[Supplied entries — start]

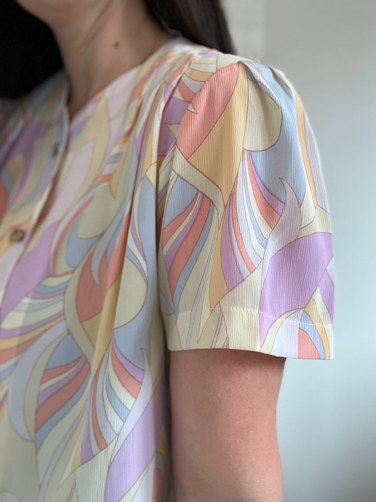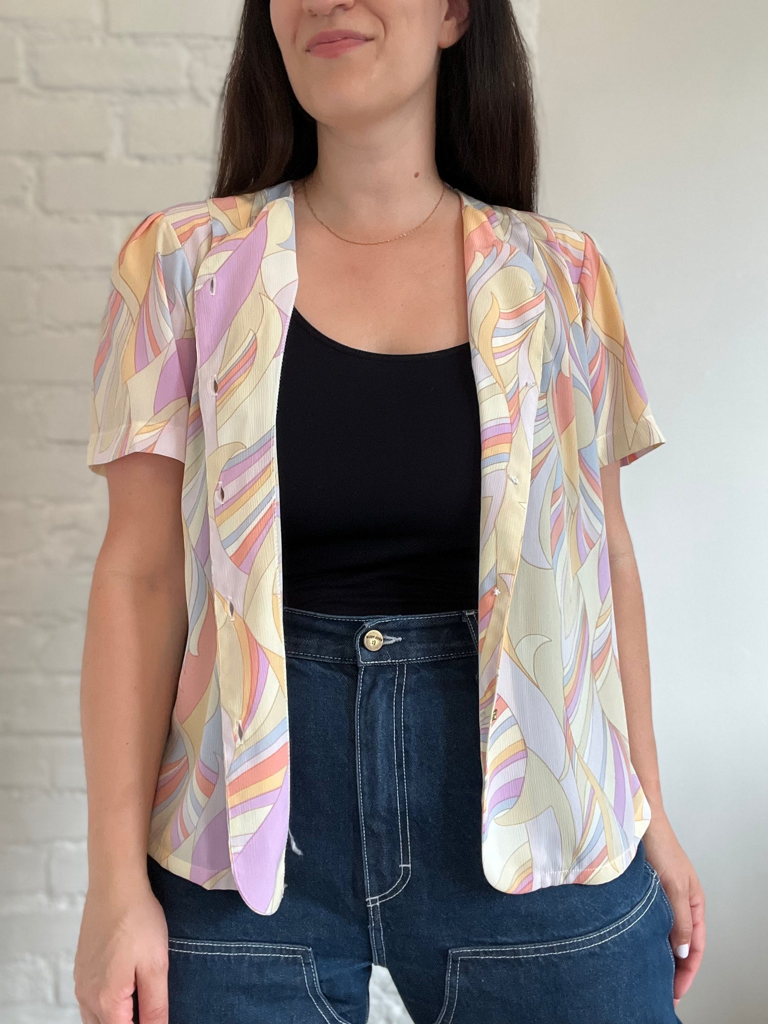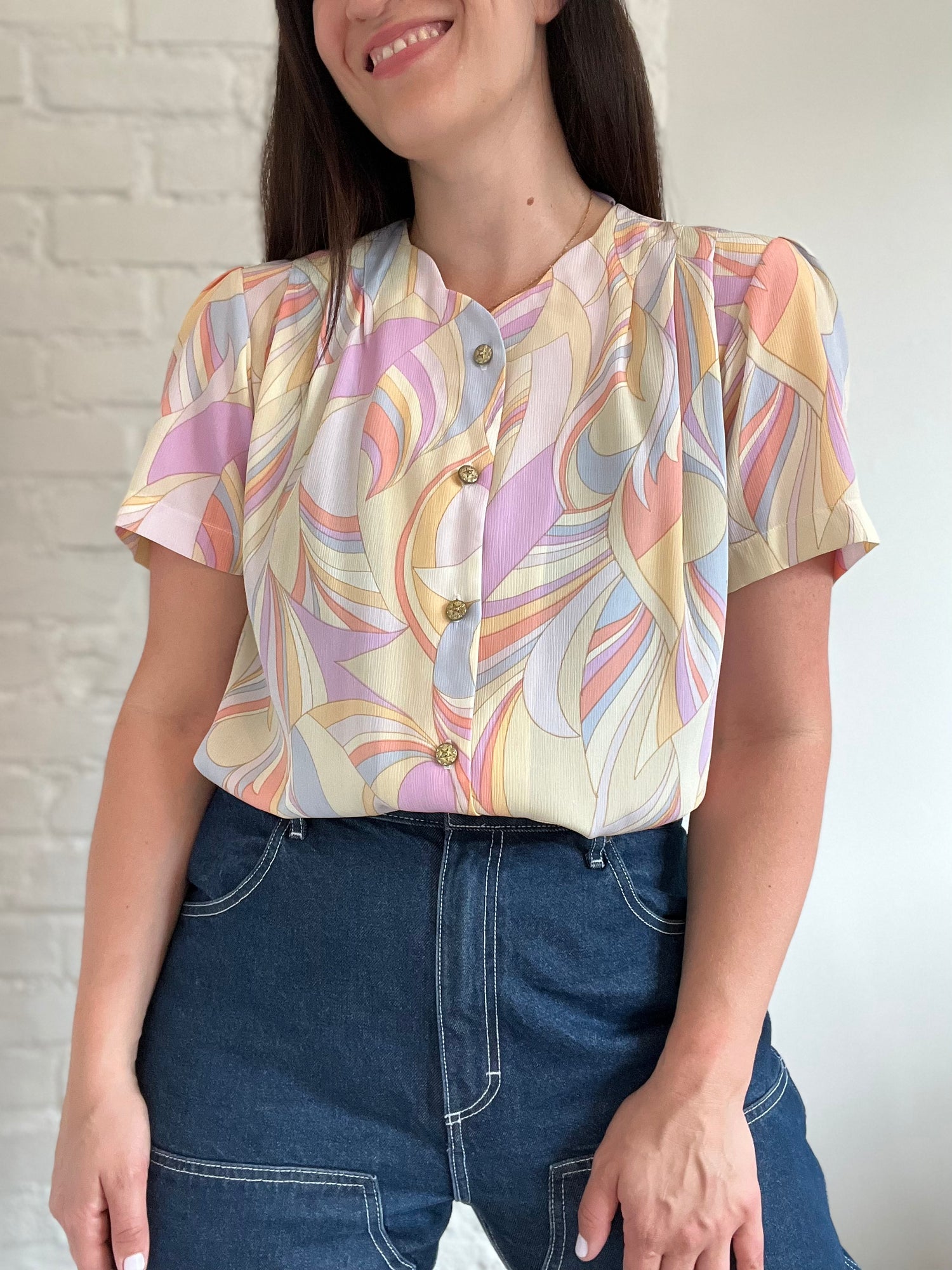 A pastel button up shirt that screams ice cream swirl and summer style. Scalloped neckline, and rustic gold buttons. The retro top is playful, elegant and just plain fun.
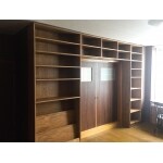 空間は広々活かしつつ、オリジナルの本棚とテーブルを作成させていただきました。本を収納するのが、選ぶのが楽しくなるようなものを目指しご提案させていただきました。
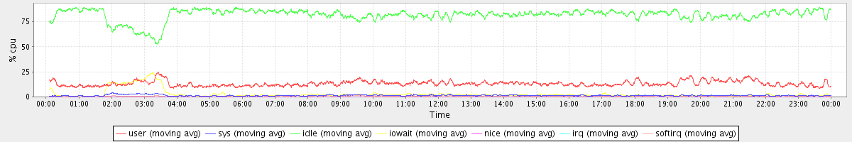avg(user) = 13.24 avg(sys) = 1.39 avg(idle) = 81.93 avg(iowait) = 2.85 avg(nice) = 0.00 avg(irq) = 0.01 avg(softirq) = 0.56
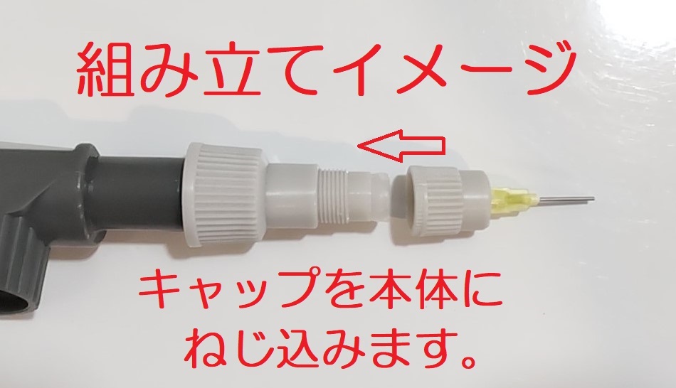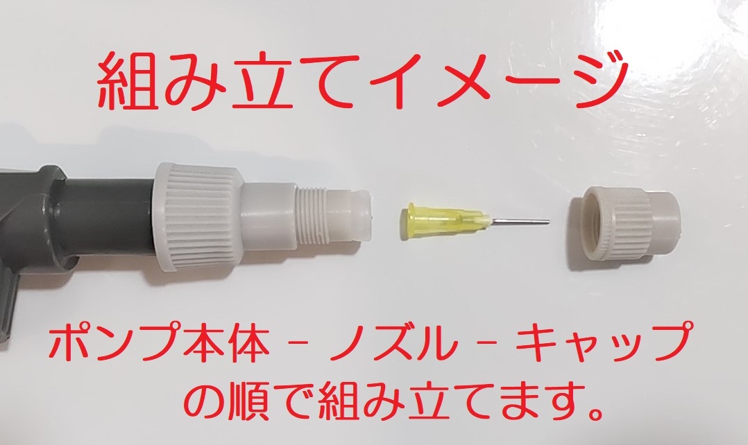 組み立て時は、キャップにノズルをセットして、ポンプ本体にねじ込んでください。(画像5~6枚目)
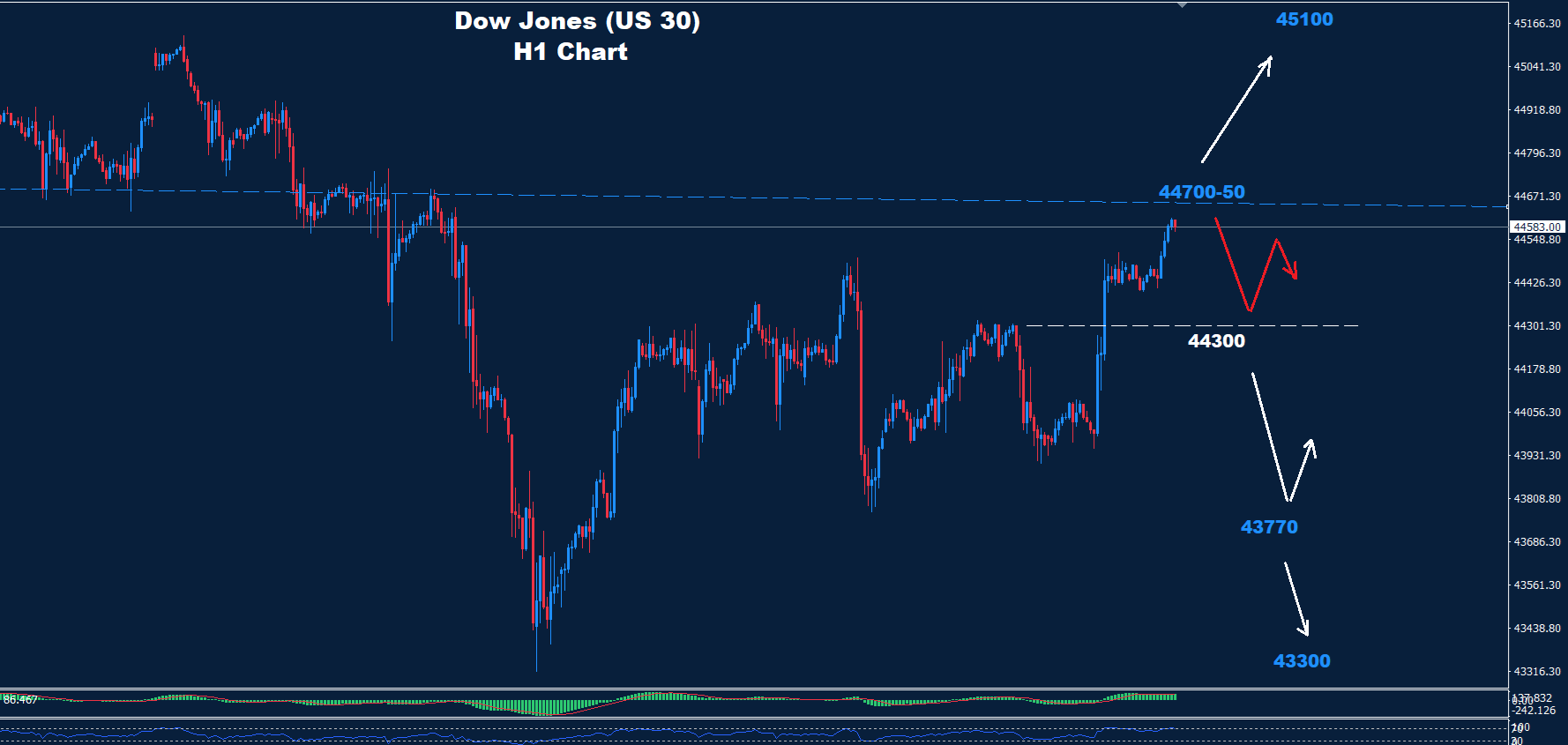 أما في حال تراجع المؤشر دون مستوى 44300، فقد يتعرض لمزيد من الضغط الهبوطي، مع مستويات دعم عند 43770 و43300
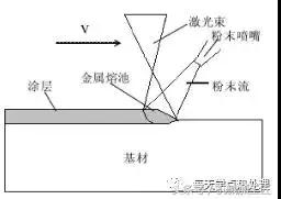 激光熔覆是一种重要的材料表面改性技术,它是指在基体表面以不同的添料方式放置被选择的涂覆材料,并利用高能量密度激光束使涂覆层与基材表面一起快速熔化的方法,而后快速凝固从而形成稀释度极低并且与基体形成良好冶金结合的表面涂层。按添料方式不同可分为预置式激光熔覆(如图1所示)和同步式激光熔覆(如图2所示)。激光熔覆既满足了材料表面对特定性能的需要,又节约了大量贵重金属。它具有稀释度小、精确度高、熔覆层与基体结合好、组织致密孔洞少、适合熔覆材料多样、粒度与含量变化大等优点。激光熔覆技术也十几年的发展已经显示出了良好的应用前景,但是在工业生产推广中也存在着设备一次性投资高、运行成本高、厚度较大涂覆层制备较难的制约因素。另外,由于激光熔覆温度过高,能够使增强颗粒发生分解,从而降低材料的耐磨性。
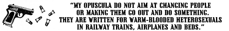 The Craft of writing sophisticated thrillers is almost dead. Writers seem to be ashamed of inventing heroes who are white, villains who are black, and heroines who are a delicate shade of pink. I am not an angry young, or even middle-aged, man. My books are not “engaged.” I have no message for suffering humanity and, though I was bullied at school and lost my virginity like so many of us used to do in the old days, I have never been tempted to foist these and other harrowing personal experiences on the public. My opuscula do not aim at changing people or making them go out and do something. They are written for warm-blooded heterosexuals in railway trains, aeroplanes and beds. I have a charming relative who is an angry young litterateur of renown. He is maddened by the fact that more people read my books than his. Not long ago we had semi-friendly words on the subject and I tried to cool his boiling ego by saying that his artistic purpose was far, far higher than mine. The target of his books was the head and, to some extent at least, the heart. The target of my books, I said, lay somewhere between the solar plexus and, well, the upper thigh. These self-deprecatory remarks did nothing to mollify him and finally, with some impatience and perhaps with something of an ironical glint in my eye, I asked him how he described himself on his passport. |
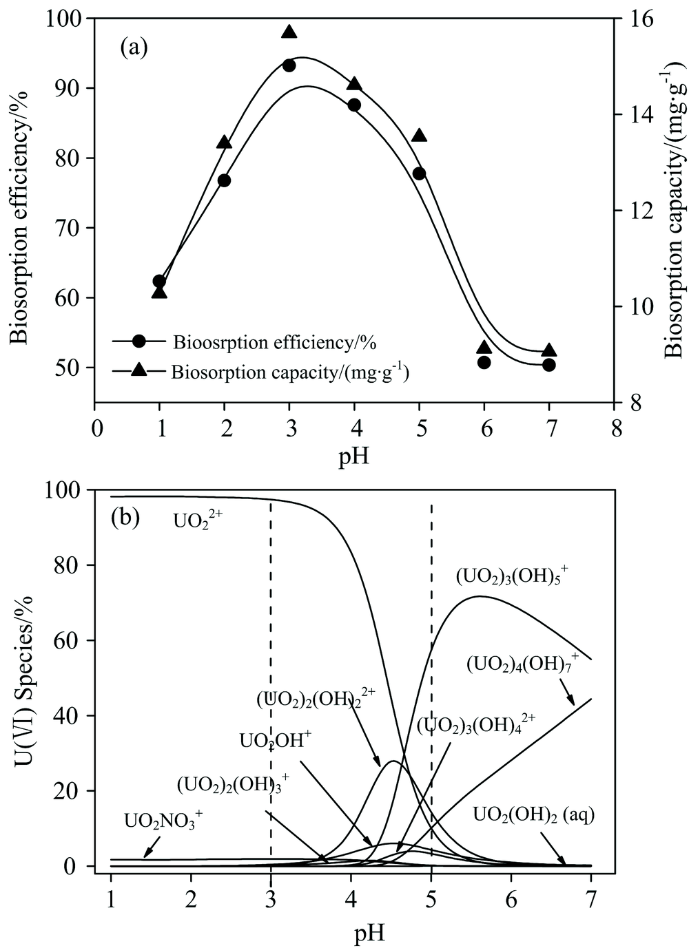 在实验过程中, 吸附体系pH值会影响细胞表面官能团的质子化程度和溶液中铀的存在形态, 进而影响到铀的生物利用度[8]。 我们利用Visual Minteq 3.1软件模拟了不同pH值下U(Ⅵ )在溶液中的分布形态, 如图1(b)所示。 当pH≤ 3.0时, U(Ⅵ )主要以带正电的
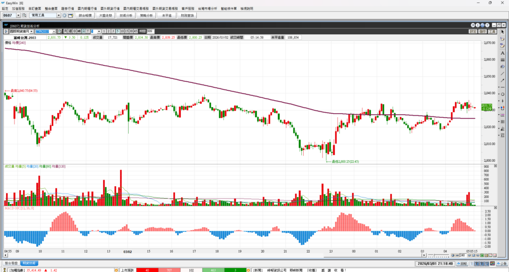 期貨走勢上週四、五的夜盤兩天下跌 合計1.6%左右。週末中東局勢又混亂,周一開盤下跌壓力是有的。
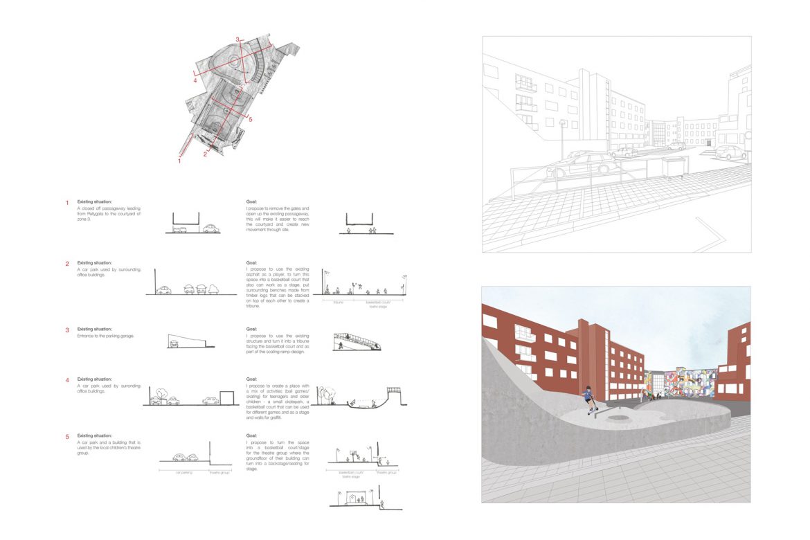 - The zones of the site are places that today are mainly used and designed for the car, and they have a great potential of becoming places that will bring better quality of life to the city, both for urban and local users.

[Supplied entries — finish]

What is required: Please reproduce the entries above exactly, from their first line to the line holding "أما في حال تراجع" inclusive, and nothing else; the pictures stay out.

Written reply:
 A pastel button up shirt that screams ice cream swirl and summer style. Scalloped neckline, and rustic gold buttons. The retro top is playful, elegant and just plain fun.
 空間は広々活かしつつ、オリジナルの本棚とテーブルを作成させていただきました。本を収納するのが、選ぶのが楽しくなるようなものを目指しご提案させていただきました。
avg(user) = 13.24 avg(sys) = 1.39 avg(idle) = 81.93 avg(iowait) = 2.85 avg(nice) = 0.00 avg(irq) = 0.01 avg(softirq) = 0.56
 組み立て時は、キャップにノズルをセットして、ポンプ本体にねじ込んでください。(画像5~6枚目)
 أما في حال تراجع المؤشر دون مستوى 44300، فقد يتعرض لمزيد من الضغط الهبوطي، مع مستويات دعم عند 43770 و43300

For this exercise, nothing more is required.